Sweet home Europa di Davide Carnevali con la regia di Fabrizio Arcuri al Teatro India di Roma. Recensione
Sono giorni che mi gira nella testa una vecchia frase del filosofo, scrittore, emblema della storia del pensiero novecentesco Jean-Paul Sartre. Dice, non senza qualche compiacimento, che «se Dio esistesse, non cambierebbe nulla». La storia, dunque, per Sartre è storia dell’uomo (è lo stesso autore che in A porte chiuse dichiara: «L’inferno sono gli altri»), costruzione di una contemporaneità come atto di creazione nell’impeto evolutivo dell’esistenza, il suo credo, la sua fremente vitalità. Mi resta nella mente come ultimo atto che succede alla visione di Sweet home Europa, scritto da un drammaturgo nato nel 1981, Davide Carnevali (intervista), e quindi da un giovane uomo che inizia ad avere la distanza storica, critica, per affrontare il conflittuale dialogo tra due idee di mondo in contrapposizione ideologica, culturale, civile. Religiosa, infine e a dispetto di ogni altra. Al Teatro India di Roma ne ha reso fedele lettura Fabrizio Arcuri (regista di Accademia degli Artefatti), in scena fino al 26 aprile.

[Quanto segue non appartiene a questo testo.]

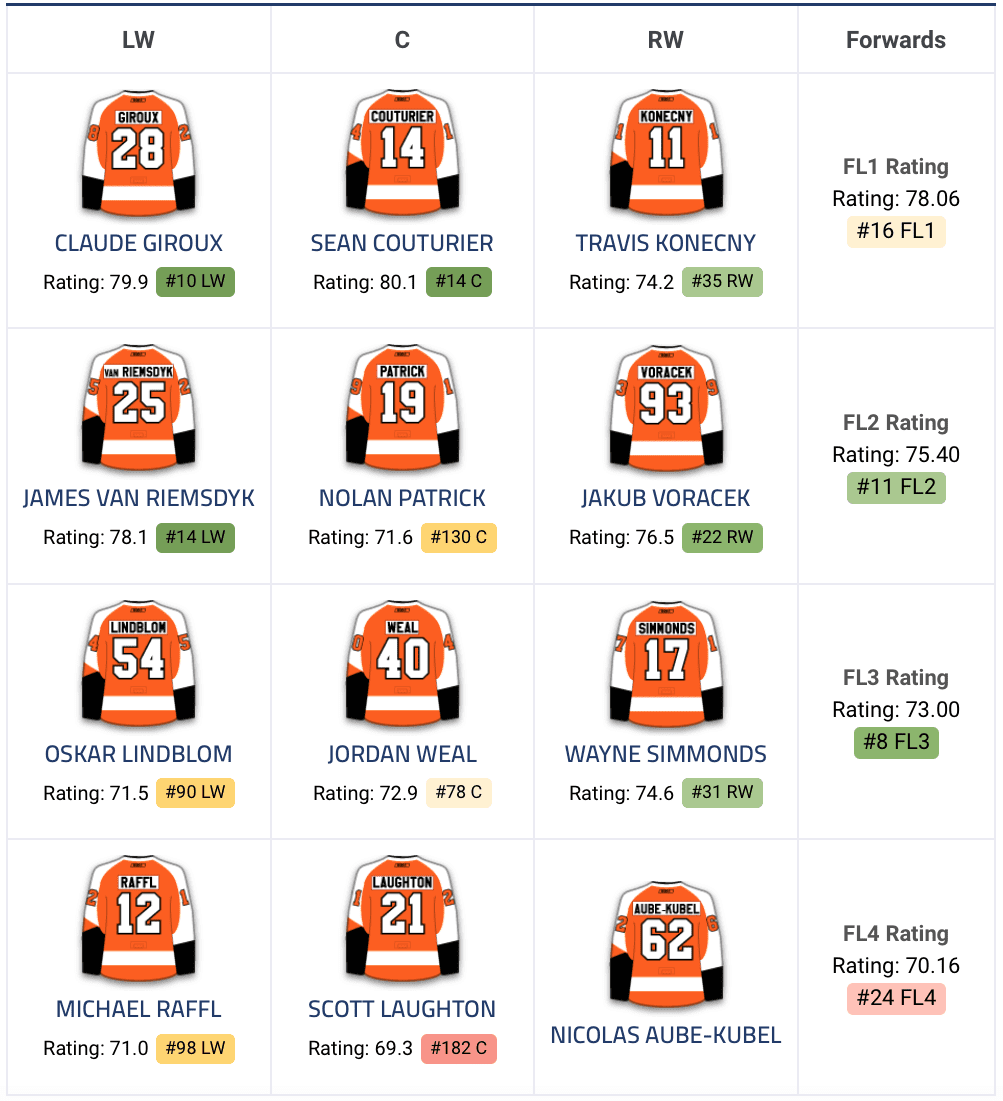 At the start of last season the Flyers moved Claude Giroux to the wing and Sean Couturier to centre the top-line and it worked fantastically. The duo played over 1100 minutes together at 5v5 and posted a strong 55.14 CorsiFor%, 53.32 ScoringChancesFor% and 63.64 GoalsFor%. Travis Konecny, Wayne Simmonds and Jakub Voracek rotated on the right-side and Konecny figures to start there this season.

Il testo – appena pubblicato dall’editore CuePress – è la prima parte di un Dittico sull’Europa affondato nelle fondamenta che animano il continente più contrastato, teatro di scontro quotidiano e spettro tenebroso di ciò che nell’umano è, o diviene, disumano. Già il sottotitolo è eloquente: Una genesi. Un esodo. Generazioni. Suppone dunque che in un’origine, la quale presiede all’evoluzione, sia già implicito il conflitto tra migrazione e ospitalità, tra comprensione e assorbimento, visibili nelle pratiche della vita civile, nelle parvenze culturali, nell’anima dei popoli in fuga sia dalla radice che dallo sradicamento, dunque da un contesto di accoglienza di individui stranieri a un altro in cui si diventa, perché si è, stranieri. Carnevali pone a giudizio la nostra società con impietosa carica critica, desertificando le relazioni fino a una meccanica scarna in cui c’è un Uomo che è tutti gli uomini, una Donna che è tutte le donne, l’Altro uomo – si badi la maiuscola per Altro e non per uomo – che rappresenta il lascito di una generazione per l’altra, la ritualità vera o presunta, l’impossibile germinazione là dove una radice abbia già permeato, occupato, il suolo possibile. Eppure è per quest’uomo in minuscola, l’uomo-comunità, che si propende, l’unico che sembri conservare il seme dell’umanità invece perduta dall’Uomo-società.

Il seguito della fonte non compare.